El trabajo de cuidadora, en líneas generales, me satisfizo. Podría decirse incluso que me hizo dar lo mejor de mí misma. Pero alguna gente no está hecha para ese tipo de ocupación, y para ellos todo se convierte en una verdadera lucha. Puede que empiecen de un modo positivo, pero luego viene todo ese tiempo junto al dolor y la aflicción. Y tarde o temprano un donante no logra consumar la donación, aunque se trate tan sólo, pongamos, de la segunda donación y en absoluto se haya previsto que pudieran surgir complicaciones. Cuando un donante «completa» así, de forma totalmente imprevista, poco importa lo que te digan luego las enfermeras, o esa carta que te reitera que están seguros de que tú has hecho todo lo que estaba en tu mano y que esperan que sigas realizando bien tu trabajo. Durante un tiempo, al menos, te desmoralizas. Algunos de nosotros aprenden muy rápidamente a afrontarlo. Pero otros —como Laura, por ejemplo— jamás lo consiguen.
Luego está la soledad. Creces rodeado de una multitud de personas, y eso es, por tanto, lo que has conocido siempre, y de pronto te conviertes en cuidador. Y te pasas horas y horas solo, conduciendo a través del país, de centro en centro, de hospital en hospital, durmiendo cada día en un sitio, sin nadie con quien hablar de tus preocupaciones, sin nadie con quien reír.
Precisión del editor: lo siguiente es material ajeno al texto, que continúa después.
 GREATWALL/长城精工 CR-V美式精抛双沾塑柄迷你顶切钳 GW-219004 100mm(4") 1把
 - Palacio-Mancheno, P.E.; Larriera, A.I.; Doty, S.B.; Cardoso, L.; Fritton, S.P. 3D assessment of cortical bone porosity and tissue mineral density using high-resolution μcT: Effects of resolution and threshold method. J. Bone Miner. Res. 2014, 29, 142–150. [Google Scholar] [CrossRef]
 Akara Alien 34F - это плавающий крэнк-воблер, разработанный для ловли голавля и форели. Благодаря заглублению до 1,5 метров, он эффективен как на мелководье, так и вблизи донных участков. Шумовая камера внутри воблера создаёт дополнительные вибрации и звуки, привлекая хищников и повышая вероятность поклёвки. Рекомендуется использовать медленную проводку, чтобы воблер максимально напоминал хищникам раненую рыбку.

Sólo de cuando en cuando te topas con algún condiscípulo del pasado —un cuidador o un donante que reconoces de los viejos tiempos—, pero nunca dispones de mucho tiempo. Siempre estás con prisas, o estás demasiado exhausta para mantener una conversación como es debido. Y pronto las largas horas, el continuo viajar, el sueño interrumpido se han instalado en tu ser y han llegado a formar parte de tu persona. Y todo el mundo puede verlo, en tu manera de estar, en tu mirada, en el modo en que te mueves y hablas.
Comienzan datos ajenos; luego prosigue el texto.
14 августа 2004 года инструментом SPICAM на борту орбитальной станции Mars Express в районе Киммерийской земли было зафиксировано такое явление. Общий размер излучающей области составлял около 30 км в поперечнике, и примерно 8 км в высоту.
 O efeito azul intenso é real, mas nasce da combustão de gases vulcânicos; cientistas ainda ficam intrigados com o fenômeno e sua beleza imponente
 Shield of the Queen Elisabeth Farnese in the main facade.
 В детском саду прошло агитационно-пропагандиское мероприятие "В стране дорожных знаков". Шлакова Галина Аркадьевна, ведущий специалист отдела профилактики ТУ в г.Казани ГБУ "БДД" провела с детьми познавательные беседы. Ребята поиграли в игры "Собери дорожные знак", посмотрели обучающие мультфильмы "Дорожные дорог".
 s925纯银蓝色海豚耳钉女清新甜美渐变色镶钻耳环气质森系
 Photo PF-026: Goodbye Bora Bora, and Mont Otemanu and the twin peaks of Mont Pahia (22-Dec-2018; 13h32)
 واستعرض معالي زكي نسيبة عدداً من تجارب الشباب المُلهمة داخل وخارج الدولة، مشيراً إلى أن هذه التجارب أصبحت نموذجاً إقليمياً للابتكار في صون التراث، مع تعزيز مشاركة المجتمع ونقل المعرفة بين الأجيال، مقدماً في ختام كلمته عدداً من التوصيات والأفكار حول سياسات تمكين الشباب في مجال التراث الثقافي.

No pretendo afirmar que soy inmune a todo esto, pero he aprendido a vivir con ello. A algunos cuidadores, sin embargo, la mera actitud les traiciona. Muchos de ellos —lo sabes nada más verlos— no hacen sino cumplir el expediente, a la espera de que un día les digan que pueden parar y convertirse en donantes. Me irrita también la forma en que tantos de ellos «se encogen» en cuanto ponen un pie en un hospital. No saben qué decir a los médicos, son incapaces de hablar en favor de sus donantes. No es extraño que acaben frustrados y culpándose a sí mismos cuando las cosas salen mal. Yo trato de no ser un fastidio para nadie, pero me las he arreglado para hacerme oír cuando lo he juzgado necesario. Y cuando las cosas van mal, por supuesto que me disgusto, pero al menos puedo sentir que he hecho lo que he podido y sigo viendo la verdadera dimensión de las cosas.
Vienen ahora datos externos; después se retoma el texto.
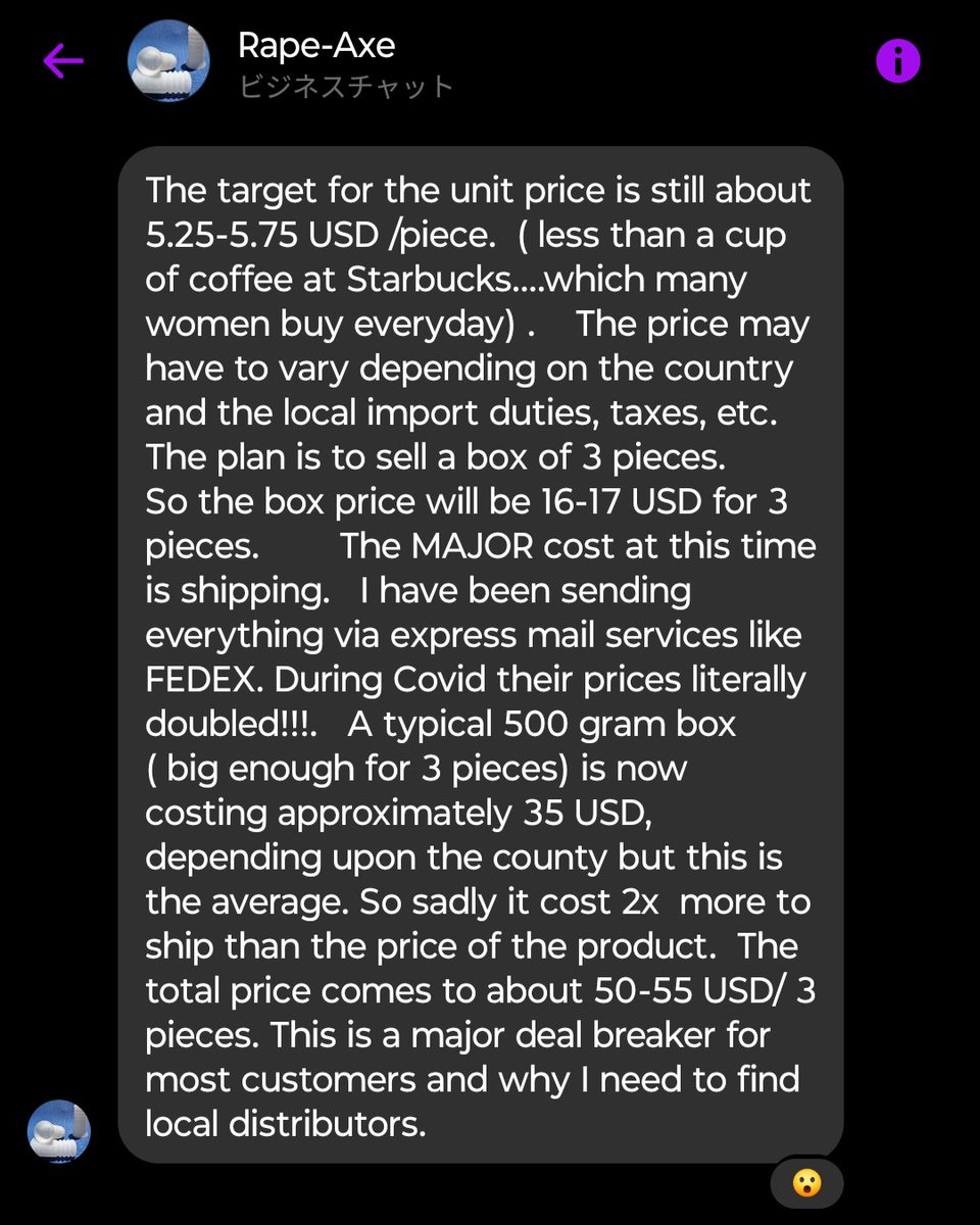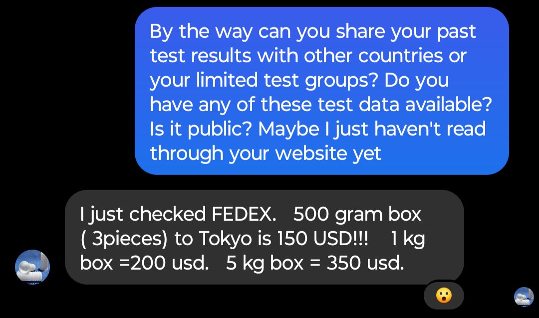 「若い人たち特に学生さんには今の価格設定でも高すぎると言われた」と伝えたら、「10個50ドルは維持できるかもしれないが、その分重量がかさむので 送料も50ドルかかり総額100ドルになると予想される」と回答いただきました。送料込みといえこのご時世で100ドルは流石に高いですかね…😔 Image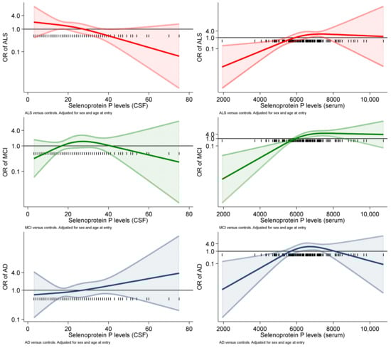 Conversely, the association between CSF selenoprotein P levels and both AD and MCI risk was positive, while the corresponding risk estimates for serum selenoprotein P levels were much attenuated and close to unity. In the spline regression analysis (Figure 4), the relation between CSF selenoprotein P and risk was roughly linear over the entire range of exposure tested for both ALS and AD, although in the opposite direction (negative for the former and positive for the latter), while the pattern for MCI risk was inconsistent, showing an inverted-U-shaped pattern.

Incluso he llegado a lograr que me guste la soledad. Eso no quiere decir que no desee tener un poco más de compañía cuando acabe el año y termine con todo esto. Pero me gusta la sensación de montar en mi pequeño coche, sabiendo que durante las dos horas siguientes estaré en la carretera con la sola compañía del asfalto, de ese gran cielo gris y de mis ensueños de vigilia. Y si me encuentro en una ciudad cualquiera y tengo unos minutos para mí, los disfrutaré deambulando por sus calles y mirando sus escaparates. Aquí, en mi cuarto amueblado, tengo estas cuatro lámparas de mesa, cada una de un color diferente pero las cuatro de diseño idéntico, y con el brazo flexible, de forma que puedes orientarlas hacia donde quieras. Así que quizá me ponga a buscar alguna tienda con una lámpara de ésas en el escaparate, no para comprarla, sino para compararla con las que tengo en casa.
A veces me siento tan inmersa en mi propia compañía que si de improviso me topo con alguien que conozco, es como una especie de conmoción y tengo que sobreponerme para actuar con normalidad. Y fue así la mañana en que, cruzando el aparcamiento azotado por el viento de una gasolinera, vi de pronto a Laura, sentada al volante de uno de los coches aparcados, con la mirada perdida en dirección a la autopista. Estaba aún un poco lejos, y durante un instante fugaz, aunque no nos habíamos visto desde las Cottages, siete años atrás, estuve tentada de hacer como si no la hubiera visto y seguir caminando. Una reacción extraña, lo sé, si se considera que era una de mis amigas más íntimas. Como digo, puede que fuera en parte porque no me gusta que se me saque bruscamente de mis ensoñaciones. Pero también, supongo, que al ver a Laura allí hundida en el asiento me di cuenta al instante de que se había convertido en uno de esos cuidadores de los que estaba hablando, y una parte de mí no quiso tener nada que ver con ella.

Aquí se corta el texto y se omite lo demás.